Washington — Tens of thousands of people may have taken advantage of the first-time homebuyer tax credit to defraud the government, according to an Internal Revenue Service watchdog official, in testimony that could jeopardize efforts to extend the popular program.

Treasury Inspector General for Tax Administration J. Russell George told members of a House panel that more than 19,000 people filed 2008 tax returns or amended returns claiming the credit for homes they had not yet bought. Those claims amounted to $139 million and it was unclear whether the IRS planned to verify that those purchases took place, he said.

George said his staff had identified another $500 million in claims, by some 74,000 taxpayers, where there were indications of prior home ownership.

According to George’s office, the IRS did not require taxpayers to provide documentation to substantiate the purchase of a home. The taxpayers were told by tax agency officials that the IRS was unable to accept such documentation electronically.

George told members of a House Ways and Means oversight subcommittee that his staff also found 580 taxpayers under age 18 who claimed $4 million in first-time homebuyer credit. One was 4 years old.

George said that while the IRS has since taken steps to tighten oversight, “some key controls were missing to prevent an individual from erroneously or fraudulently claiming the credit.”

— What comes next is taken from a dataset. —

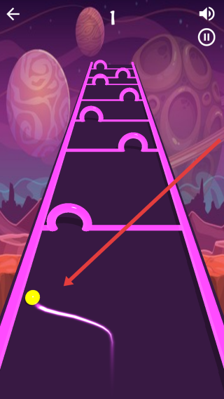 2、游戲中滑動屏幕控制黃色小球移動,沿粉色跑道前進,躲避障礙,盡可能跑得更遠以提升分數(shù)。
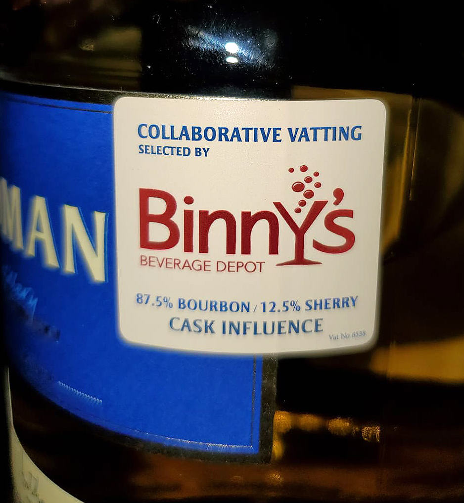 Binny´s Beverage Depot, gegründet im Jahre 1948, ist die größte Wein-, Bier- und Spirituosen Supermarktkette im mittleren Westen der USA mit 45 Geschäften in Illinois. Binny´s veröffentlichte schon recht häufig exklusive Kilchoman Einzelfassabfüllungen und auch am Machir Bay Collaborative Vatting Programm beteiligte man sich 2020 mit der hier genannten Abfüllung mit einem Fassanteil von 85% Bourbon und 15% Sherryanteil.

Rep. John Lewis, D-Ga., chairman of the subcommittee, said he was concerned that the quick IRS response to the new credit came at a cost. “There are possibly hundreds of millions of dollars that have been paid to taxpayers who are not entitled to the credit,” he said.

The top Republican on the panel, Rep. Charles Boustany, Jr., of Louisiana, said that while the issue of extending the credit was not the purpose of the hearing, “every time Congress creates a new refundable credit … the incentive for fraud is magnified.”

Linda Stiff, IRS’ deputy commissioner for services and enforcement, agreed that “any time that there is an opportunity to receive cash back it tends to attract people that might have an intent to defraud the government.” The agency “recognizes that there is potential for both fraud and errors” when a new tax credit is enacted. She said agency staff members “will vigorously pursue those who filed fraudulent claims.”

The homebuyer credit was a key element of the $787 billion stimulus package enacted last February. Under the measure, low- and middle-income first-time homebuyers purchasing a home between Jan. 1 and Nov. 30 of this year could claim a credit of up to $8,000 on their 2008 or 2009 income tax return.

The IRS has processed claims from more than 1.5 million individuals or families, according to the agency.

General Accountability Office officials, in a report to the subcommittee, said that represented about $10 billion in tax revenue.

With the program scheduled to expire in a month and the housing market’s recovery still shaky, there have been proposals in Congress to extend and expand it.

At one end, House Majority Leader Steny Hoyer, D-Md., said the program should be extended for a month while lawmakers take another look at how it is being run. On the other end, Sen. Johnny Isakson, R-Ga., with the backing of banking committee chairman Christopher Dodd, D-Conn., wants to extend it through next June 30, and expand it to include all homebuyers, at an estimated cost of $16.7 billion.